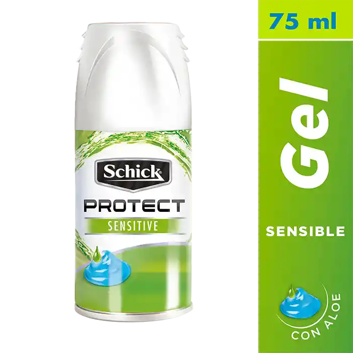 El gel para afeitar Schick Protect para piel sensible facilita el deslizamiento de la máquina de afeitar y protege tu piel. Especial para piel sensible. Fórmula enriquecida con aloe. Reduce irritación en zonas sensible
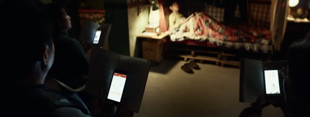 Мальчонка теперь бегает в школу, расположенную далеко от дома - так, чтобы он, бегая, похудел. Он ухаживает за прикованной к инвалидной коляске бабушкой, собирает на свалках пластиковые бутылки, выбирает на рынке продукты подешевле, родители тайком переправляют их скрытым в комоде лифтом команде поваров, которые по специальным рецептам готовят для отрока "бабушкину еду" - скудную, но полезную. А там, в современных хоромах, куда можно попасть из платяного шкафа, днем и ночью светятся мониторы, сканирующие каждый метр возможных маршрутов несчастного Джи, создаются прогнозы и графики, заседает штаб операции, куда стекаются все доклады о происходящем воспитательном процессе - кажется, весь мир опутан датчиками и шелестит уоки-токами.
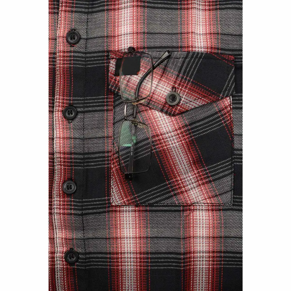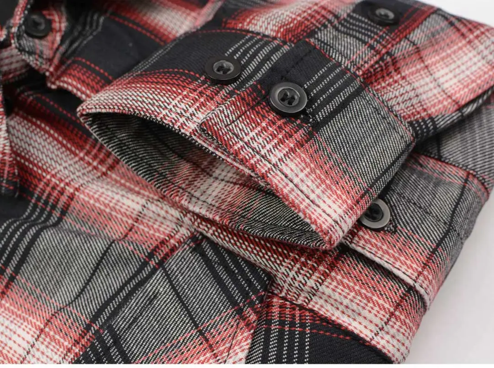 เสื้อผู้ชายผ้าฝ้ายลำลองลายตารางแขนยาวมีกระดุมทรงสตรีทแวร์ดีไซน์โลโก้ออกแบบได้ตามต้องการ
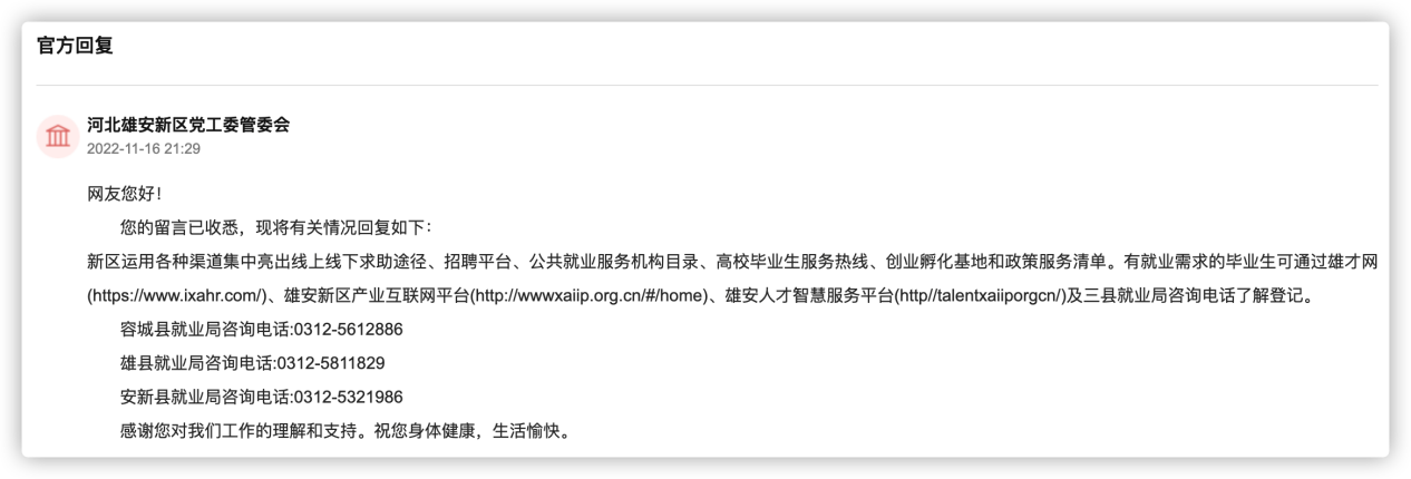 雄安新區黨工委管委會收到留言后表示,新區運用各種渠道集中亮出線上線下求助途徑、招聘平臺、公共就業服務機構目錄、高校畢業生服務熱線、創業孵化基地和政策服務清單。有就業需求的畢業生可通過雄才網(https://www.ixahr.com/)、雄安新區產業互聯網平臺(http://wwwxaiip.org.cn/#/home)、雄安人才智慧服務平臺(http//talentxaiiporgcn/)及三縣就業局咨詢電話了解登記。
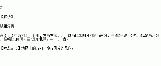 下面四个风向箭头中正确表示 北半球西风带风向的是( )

________________________________________

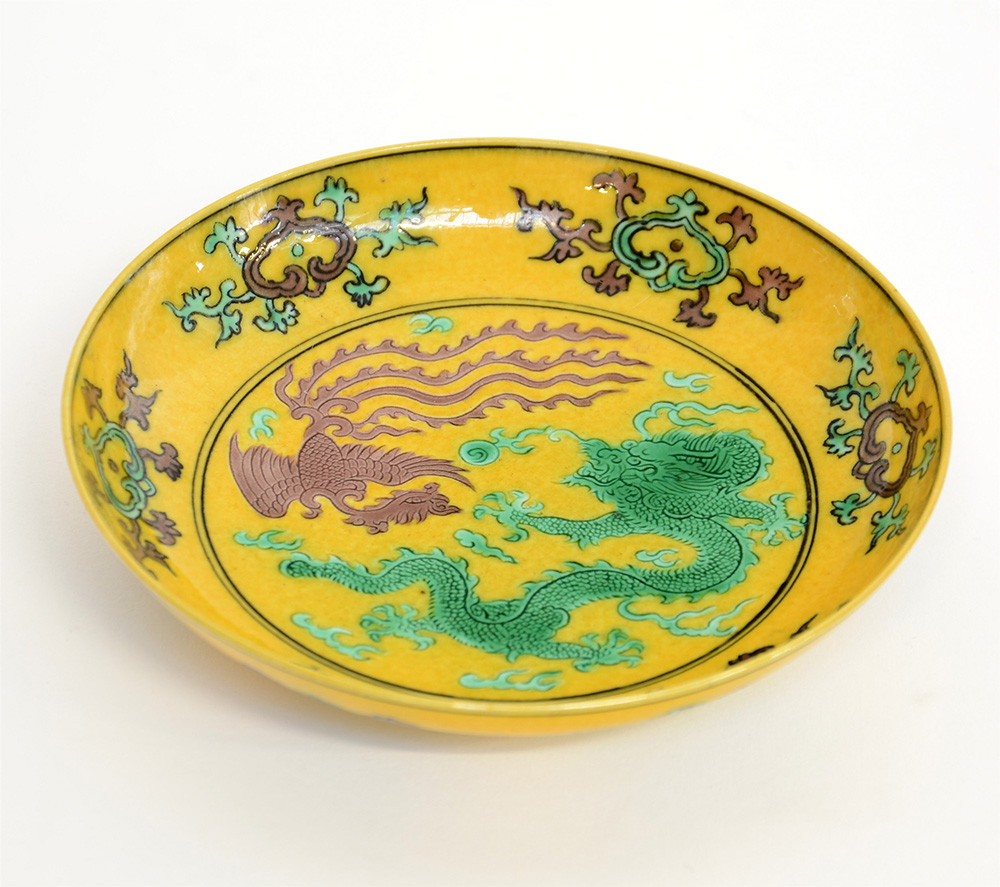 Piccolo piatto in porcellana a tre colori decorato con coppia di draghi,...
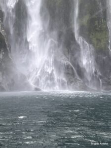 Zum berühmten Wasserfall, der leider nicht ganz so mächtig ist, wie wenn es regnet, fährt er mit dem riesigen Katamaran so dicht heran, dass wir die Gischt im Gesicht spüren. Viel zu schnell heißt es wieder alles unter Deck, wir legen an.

________________________________________

## WHAT THE TASK REQUIRES
Among the entries above, locate the line with "雄安新區黨工委管委會收到留言" and the line with "下面四个风向箭头中正确表示 北半球西风带风向的是( )". Give those two lines and all lines between them again, exactly, leaving out the pictures.

## WRITTEN SOLUTION
 雄安新區黨工委管委會收到留言后表示,新區運用各種渠道集中亮出線上線下求助途徑、招聘平臺、公共就業服務機構目錄、高校畢業生服務熱線、創業孵化基地和政策服務清單。有就業需求的畢業生可通過雄才網(https://www.ixahr.com/)、雄安新區產業互聯網平臺(http://wwwxaiip.org.cn/#/home)、雄安人才智慧服務平臺(http//talentxaiiporgcn/)及三縣就業局咨詢電話了解登記。
 下面四个风向箭头中正确表示 北半球西风带风向的是( )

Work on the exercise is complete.